Start of DATA

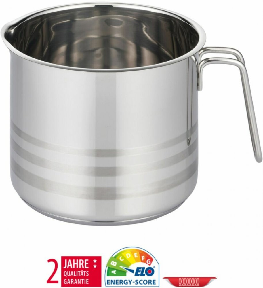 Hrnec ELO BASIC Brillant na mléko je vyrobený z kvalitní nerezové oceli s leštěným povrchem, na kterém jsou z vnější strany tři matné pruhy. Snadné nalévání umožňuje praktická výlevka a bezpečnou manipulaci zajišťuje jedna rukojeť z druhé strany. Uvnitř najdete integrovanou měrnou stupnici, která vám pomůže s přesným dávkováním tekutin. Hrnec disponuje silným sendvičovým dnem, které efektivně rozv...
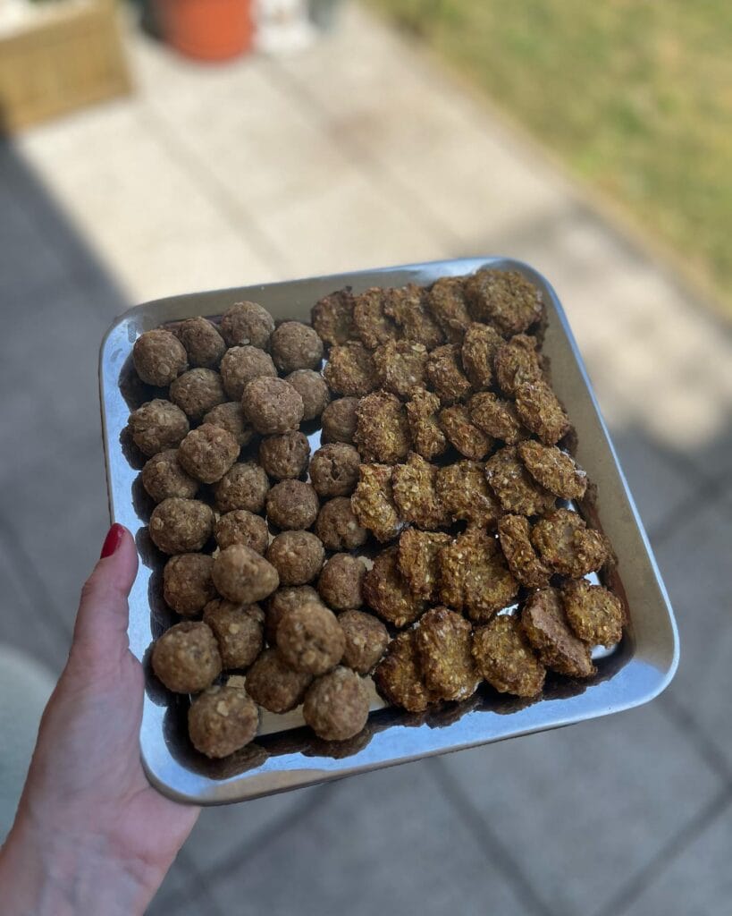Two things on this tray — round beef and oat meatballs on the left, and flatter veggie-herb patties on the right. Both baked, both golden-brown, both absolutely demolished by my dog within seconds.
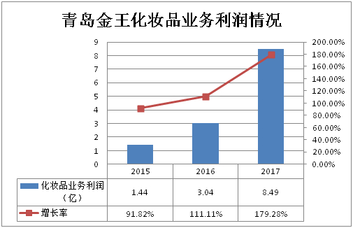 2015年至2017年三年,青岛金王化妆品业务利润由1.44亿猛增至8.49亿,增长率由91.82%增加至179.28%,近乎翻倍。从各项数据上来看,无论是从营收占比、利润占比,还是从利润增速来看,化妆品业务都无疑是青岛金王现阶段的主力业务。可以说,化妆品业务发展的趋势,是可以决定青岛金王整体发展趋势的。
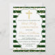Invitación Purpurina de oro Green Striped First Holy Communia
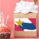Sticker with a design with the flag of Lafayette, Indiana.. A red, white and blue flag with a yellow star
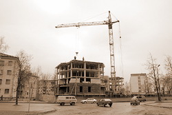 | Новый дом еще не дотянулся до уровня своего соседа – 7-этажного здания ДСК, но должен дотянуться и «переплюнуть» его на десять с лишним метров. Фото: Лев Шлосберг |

End of DATA
Start of DATA

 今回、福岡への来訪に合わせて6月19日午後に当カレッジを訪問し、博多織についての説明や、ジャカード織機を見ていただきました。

End of DATA

### WHAT IS REQUIRED
Out of the records above, please copy exactly the lines from the line with "Two things on" up to and including the line with "Invitación Purpurina de", minus the pictures.

### ANSWER FOR THIS EXERCISE
Two things on this tray — round beef and oat meatballs on the left, and flatter veggie-herb patties on the right. Both baked, both golden-brown, both absolutely demolished by my dog within seconds.
 2015年至2017年三年,青岛金王化妆品业务利润由1.44亿猛增至8.49亿,增长率由91.82%增加至179.28%,近乎翻倍。从各项数据上来看,无论是从营收占比、利润占比,还是从利润增速来看,化妆品业务都无疑是青岛金王现阶段的主力业务。可以说,化妆品业务发展的趋势,是可以决定青岛金王整体发展趋势的。
Invitación Purpurina de oro Green Striped First Holy Communia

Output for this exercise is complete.